__Task__. The line with "6x7mm orange freshwater" and each line following it, up to the final line of the data, should be set down exactly; pictures stay out.

Records from a collection:
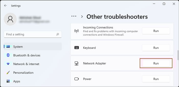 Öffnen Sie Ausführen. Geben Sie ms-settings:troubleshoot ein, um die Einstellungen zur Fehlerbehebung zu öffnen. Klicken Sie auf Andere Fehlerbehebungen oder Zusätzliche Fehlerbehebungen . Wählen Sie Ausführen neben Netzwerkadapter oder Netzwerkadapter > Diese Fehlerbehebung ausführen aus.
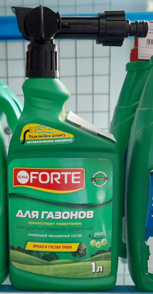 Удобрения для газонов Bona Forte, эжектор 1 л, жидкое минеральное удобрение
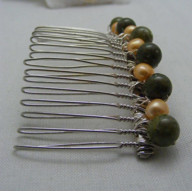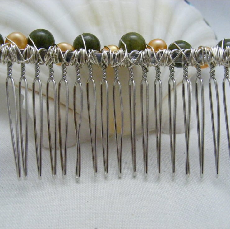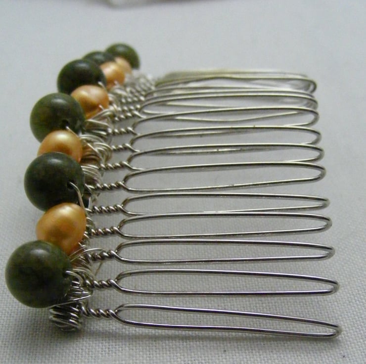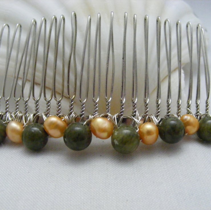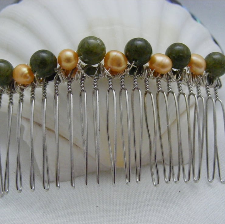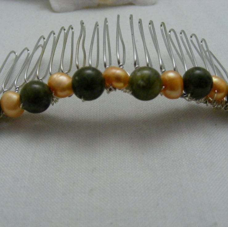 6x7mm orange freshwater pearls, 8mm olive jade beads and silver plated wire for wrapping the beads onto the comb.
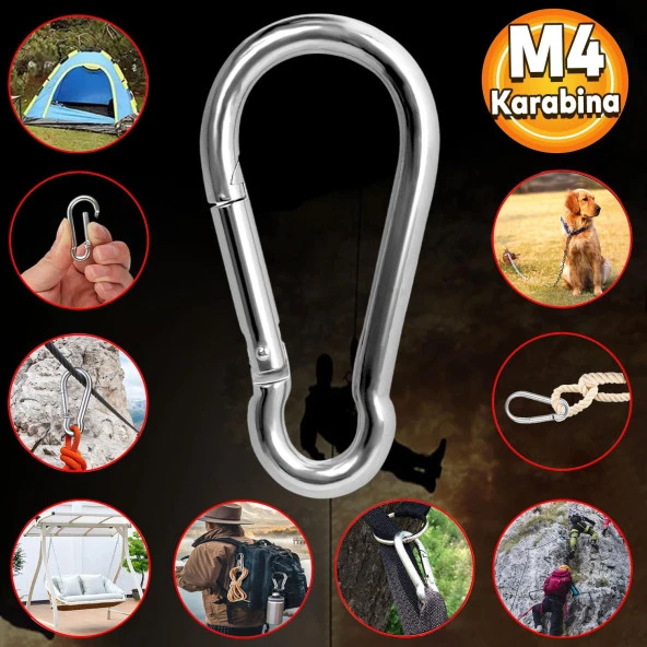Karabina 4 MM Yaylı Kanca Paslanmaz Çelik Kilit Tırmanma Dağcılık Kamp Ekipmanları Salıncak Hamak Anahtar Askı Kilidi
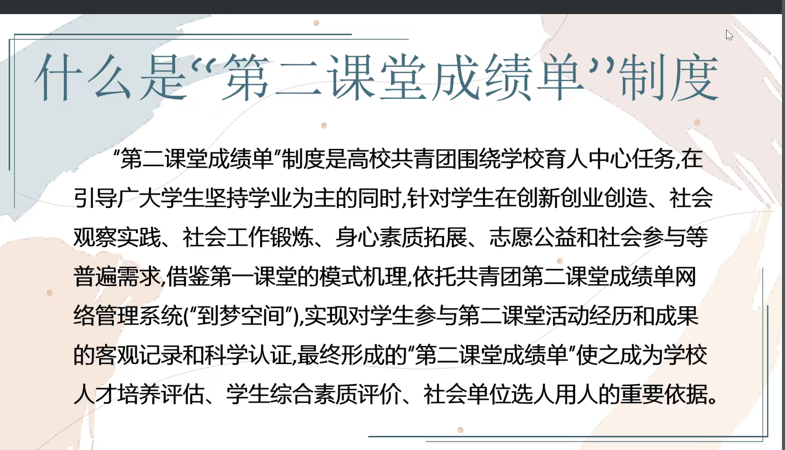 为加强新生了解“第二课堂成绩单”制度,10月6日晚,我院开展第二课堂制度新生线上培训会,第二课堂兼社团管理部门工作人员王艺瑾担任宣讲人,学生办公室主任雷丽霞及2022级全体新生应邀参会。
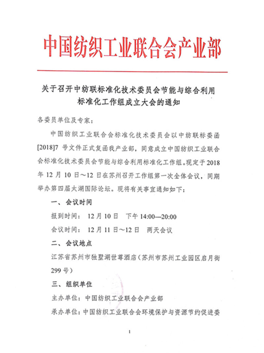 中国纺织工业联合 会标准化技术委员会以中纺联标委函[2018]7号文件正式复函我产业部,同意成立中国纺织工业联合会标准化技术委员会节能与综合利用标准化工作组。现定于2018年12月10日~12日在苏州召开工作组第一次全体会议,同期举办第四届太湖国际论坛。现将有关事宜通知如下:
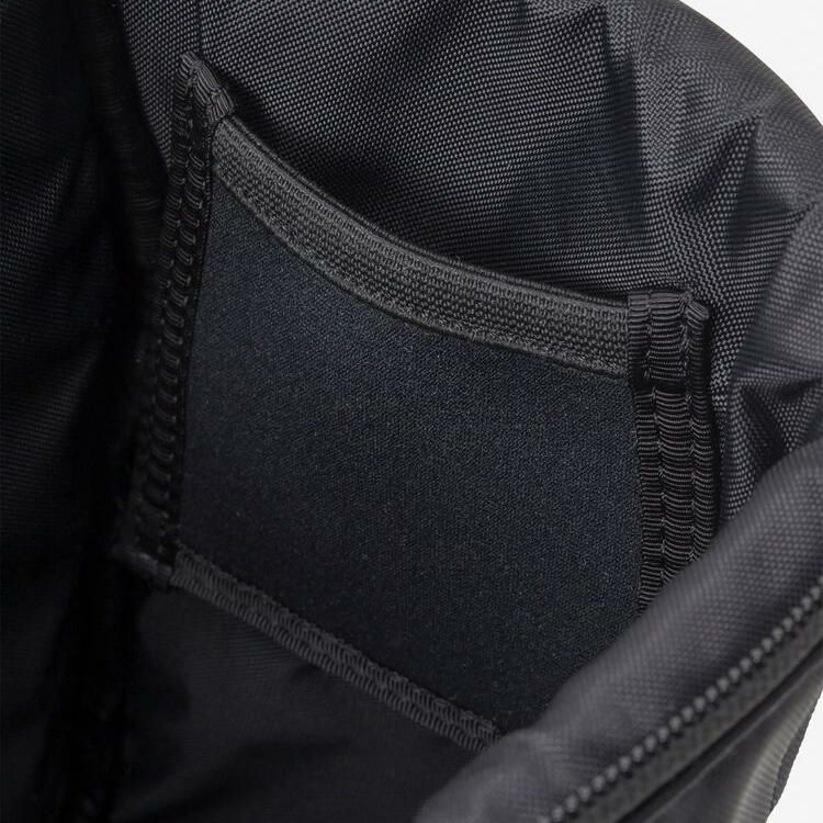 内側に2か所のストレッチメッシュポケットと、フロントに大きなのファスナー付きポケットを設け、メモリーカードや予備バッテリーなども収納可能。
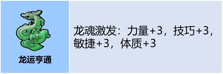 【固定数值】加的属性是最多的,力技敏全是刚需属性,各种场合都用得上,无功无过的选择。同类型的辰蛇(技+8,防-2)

__Solution for this problem__.
 6x7mm orange freshwater pearls, 8mm olive jade beads and silver plated wire for wrapping the beads onto the comb.
Karabina 4 MM Yaylı Kanca Paslanmaz Çelik Kilit Tırmanma Dağcılık Kamp Ekipmanları Salıncak Hamak Anahtar Askı Kilidi
 为加强新生了解“第二课堂成绩单”制度,10月6日晚,我院开展第二课堂制度新生线上培训会,第二课堂兼社团管理部门工作人员王艺瑾担任宣讲人,学生办公室主任雷丽霞及2022级全体新生应邀参会。
 中国纺织工业联合 会标准化技术委员会以中纺联标委函[2018]7号文件正式复函我产业部,同意成立中国纺织工业联合会标准化技术委员会节能与综合利用标准化工作组。现定于2018年12月10日~12日在苏州召开工作组第一次全体会议,同期举办第四届太湖国际论坛。现将有关事宜通知如下:
 内側に2か所のストレッチメッシュポケットと、フロントに大きなのファスナー付きポケットを設け、メモリーカードや予備バッテリーなども収納可能。
 【固定数值】加的属性是最多的,力技敏全是刚需属性,各种场合都用得上,无功无过的选择。同类型的辰蛇(技+8,防-2)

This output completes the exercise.